What you are asked to do: When the line with "The holiday apartment" appears below, start repeating lines exactly, and keep going through the line with "Hier finden Sie"; add nothing outside that span.

Available data:
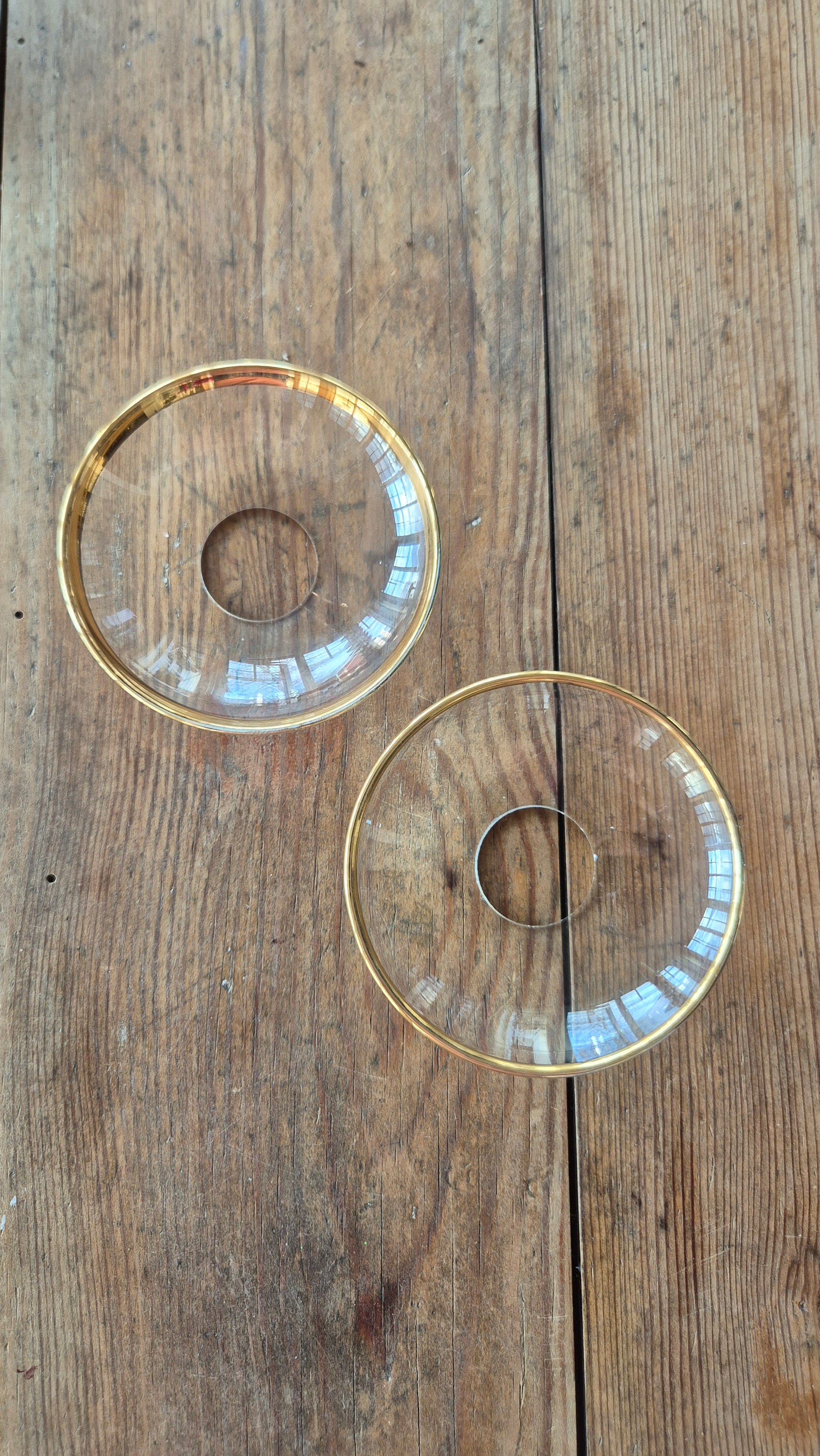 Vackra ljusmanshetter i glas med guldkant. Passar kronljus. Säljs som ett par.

--

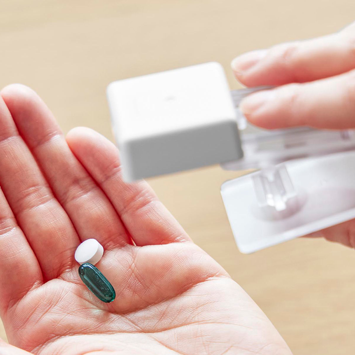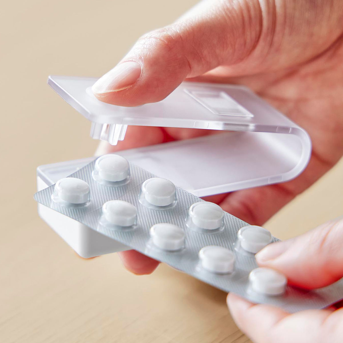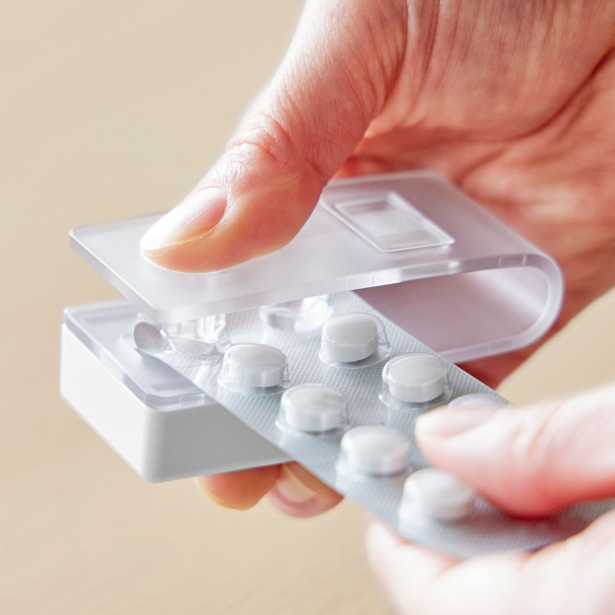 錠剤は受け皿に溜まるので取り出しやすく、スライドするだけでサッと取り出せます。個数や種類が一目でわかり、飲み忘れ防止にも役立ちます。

---

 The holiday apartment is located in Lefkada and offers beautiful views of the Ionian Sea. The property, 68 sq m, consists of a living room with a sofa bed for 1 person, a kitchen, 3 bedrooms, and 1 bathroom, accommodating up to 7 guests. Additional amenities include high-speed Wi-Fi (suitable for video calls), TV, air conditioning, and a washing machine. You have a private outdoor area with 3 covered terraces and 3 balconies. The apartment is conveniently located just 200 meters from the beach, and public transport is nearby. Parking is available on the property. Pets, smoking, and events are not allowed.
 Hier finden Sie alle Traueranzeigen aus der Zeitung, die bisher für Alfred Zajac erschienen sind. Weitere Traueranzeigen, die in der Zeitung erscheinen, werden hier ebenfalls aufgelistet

Result of the task:
 The holiday apartment is located in Lefkada and offers beautiful views of the Ionian Sea. The property, 68 sq m, consists of a living room with a sofa bed for 1 person, a kitchen, 3 bedrooms, and 1 bathroom, accommodating up to 7 guests. Additional amenities include high-speed Wi-Fi (suitable for video calls), TV, air conditioning, and a washing machine. You have a private outdoor area with 3 covered terraces and 3 balconies. The apartment is conveniently located just 200 meters from the beach, and public transport is nearby. Parking is available on the property. Pets, smoking, and events are not allowed.
 Hier finden Sie alle Traueranzeigen aus der Zeitung, die bisher für Alfred Zajac erschienen sind. Weitere Traueranzeigen, die in der Zeitung erscheinen, werden hier ebenfalls aufgelistet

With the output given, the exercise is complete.